**** Input data
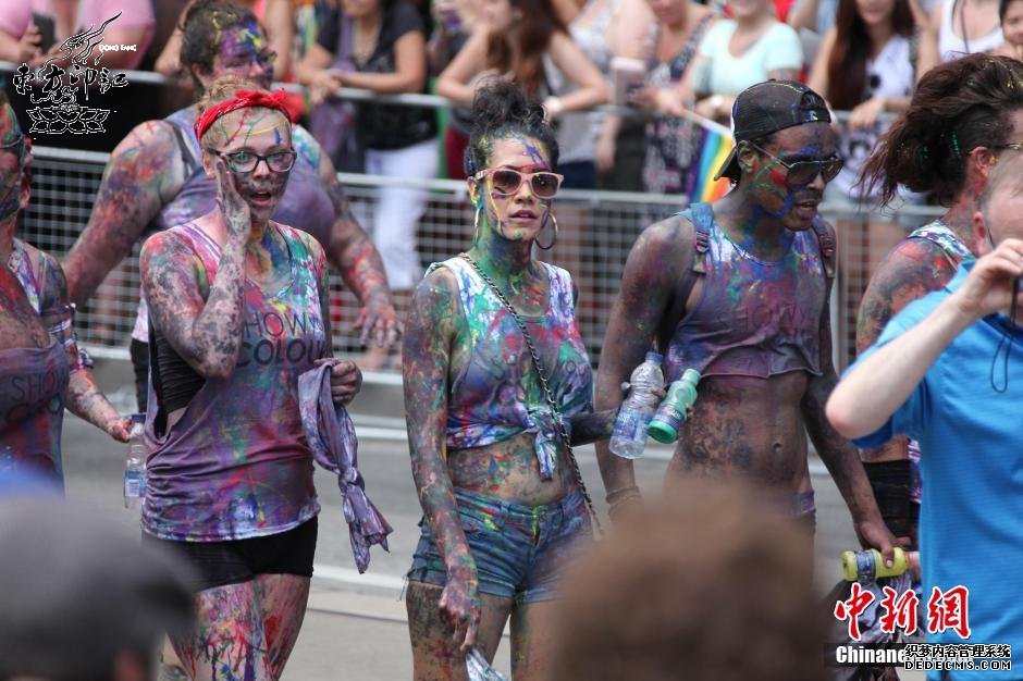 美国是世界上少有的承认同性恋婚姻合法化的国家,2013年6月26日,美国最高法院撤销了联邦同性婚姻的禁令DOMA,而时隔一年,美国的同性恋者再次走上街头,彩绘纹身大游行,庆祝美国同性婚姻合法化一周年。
********
**** Input data
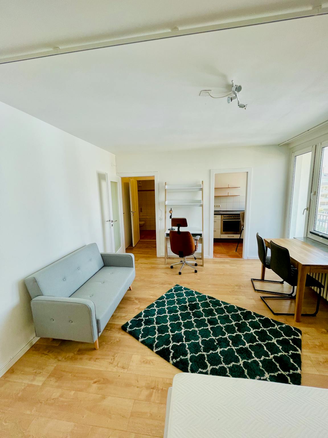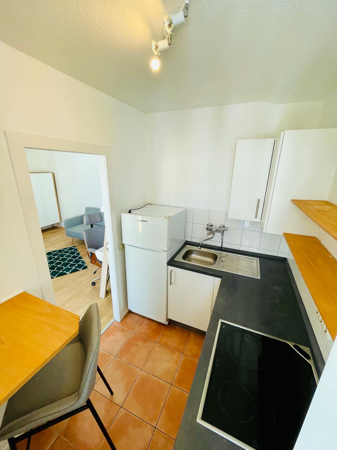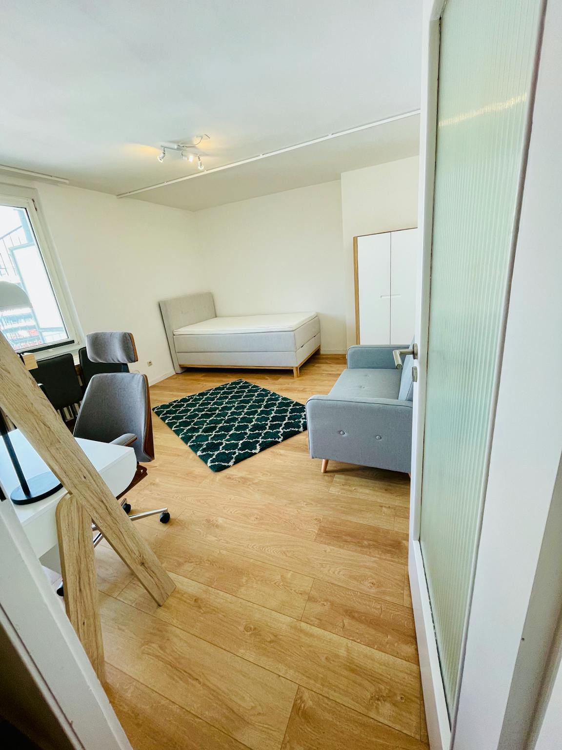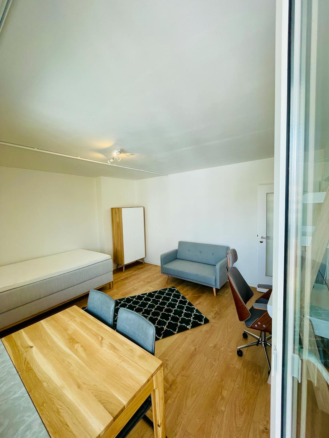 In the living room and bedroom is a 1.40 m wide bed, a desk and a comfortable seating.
********
**** Input data
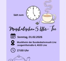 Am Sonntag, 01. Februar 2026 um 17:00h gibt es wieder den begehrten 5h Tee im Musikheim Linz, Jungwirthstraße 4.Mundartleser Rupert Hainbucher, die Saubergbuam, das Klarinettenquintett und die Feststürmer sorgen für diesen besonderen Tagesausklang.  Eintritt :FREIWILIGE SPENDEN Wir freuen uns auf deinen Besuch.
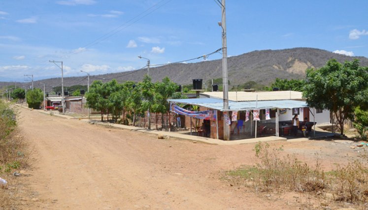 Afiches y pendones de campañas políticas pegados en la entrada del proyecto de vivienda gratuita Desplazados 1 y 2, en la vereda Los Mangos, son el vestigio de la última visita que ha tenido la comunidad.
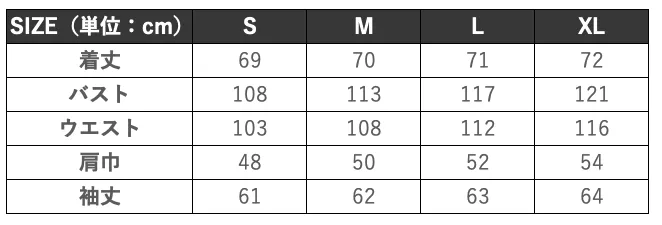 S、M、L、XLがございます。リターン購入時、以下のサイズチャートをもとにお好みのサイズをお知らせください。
********
Problem to work on —
From the records above, transcribe exactly the lines starting at the one containing "Am Sonntag, 01." and ending at the one containing "S、M、L、XLがございます". Skip the pictures.

Result of this exercise —
 Am Sonntag, 01. Februar 2026 um 17:00h gibt es wieder den begehrten 5h Tee im Musikheim Linz, Jungwirthstraße 4.Mundartleser Rupert Hainbucher, die Saubergbuam, das Klarinettenquintett und die Feststürmer sorgen für diesen besonderen Tagesausklang.  Eintritt :FREIWILIGE SPENDEN Wir freuen uns auf deinen Besuch.
 Afiches y pendones de campañas políticas pegados en la entrada del proyecto de vivienda gratuita Desplazados 1 y 2, en la vereda Los Mangos, son el vestigio de la última visita que ha tenido la comunidad.
 S、M、L、XLがございます。リターン購入時、以下のサイズチャートをもとにお好みのサイズをお知らせください。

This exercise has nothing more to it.